Breakfast – Bulgar Wheat & Oat Berry Bake

(Makes 8 portions – divide and store in the fridge. I wouldn’t keep longer than 5-6 days.)
80g Steel Cut Oats
80g Bulgar Wheat
3 large eggs
500ml almond milk
80g protein powder
4 small bananas, sliced
250g blueberries
150g raspberries
10g brown linseeds
10g chia seeds
1 tsp vanilla and a big pinch of cinnamon

Wash the bulgar wheat and oats until the water runs clear and set aside. Either line or use 1 cal spray on an 8″x8″ tray and spread out half your fruits along the bottom. Layer on your wheat/oat mix and then top with the remaining fruits. Combine all your other ingredients together and then carefully pour the liquid into the corners of your tray. Don’t pour too quickly otherwise you’ll dislodge your fruit. Bake for 60min at 190 C / 180 C (fan). Allow to cool and set completely.

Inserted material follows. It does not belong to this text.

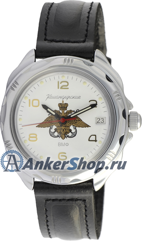 Восток Командирские ВМФ. Механизм калибра 24 мм с центральной секундной стрелкой. В механизме 17 камней. Противоударное устройство узла баланса. Запас хода не менее 36 часов. Поворачивающийся безель. Завинчивающаяся заводная головка с защитой. Корпус выполнен из часовой латуни с покрытием нитридом титана. Задняя крышка часов из нержавеющей стали. Циферблат закрывает органическое стекло сферической формы. На стрелки и часовые метки нанесен светонакопительный состав для возможности считывания времени в темноте. Ремешок из натуральной кожи с классической застежкой. Гарантия 1 год.

You can vary this recipe in lots of ways. If I try this again I’ll probably add an extra egg, reduce the milk and replace the raspberries with another fruit for a firmer texture.

I added a green smoothie to my breakfast to accompany this made up of 90-100g frozen spinach, 100ml almond milk, 40g protein powder and water whizzed up into green gloriousness.

Including smoothie: 429 Calories (64g Carbs, 7g Fat, 26g Protein)


Lunch – Chunky Lentil & Carrot Soup with Meatballs

(Makes 4 portions)
200g red lentils
200g chopped tomatoes
200g red onion, chopped
400g carrots, chopped
2 chicken stock cubes in 500ml water plus seasoning to taste

160g extra lean mince beef, divide into 16 and fry. Store in freezer if required.
4 hard boiled eggs
Coriander to dress

369 Calories (24g Carbs, 8g Fat, 26g Protein)


Dinner – Moroccan Chicken Stew

(Makes 6 portions)
1 large butternut squash, approx 600g
100ml red/white wine vinegar
50g soft brown sugar
6 portions of meat. I used 4 legs and 2 thighs with skin and excess fat taken off.
150-180g dried apricots, chopped
2 large red onions
3 garlic cloves
2 chopped tomatoes
1 inch ginger, grated
1 tsp tumeric, ground coriander, cumin

50g brown rice/bulgar wheat/couscous to serve with peas, some mint and 15g feta cheese

Another one pot wonder that just requires some gentle simmering until the meat is falling off the bones at which point I removed them. You could also make this with chicken breast if you prefer. Then serve with your choice of carb and a few bits to garnish.

Including bulgar wheat and peas: 443 Calories (58g Carbs, 15g Fat, 25g Protein)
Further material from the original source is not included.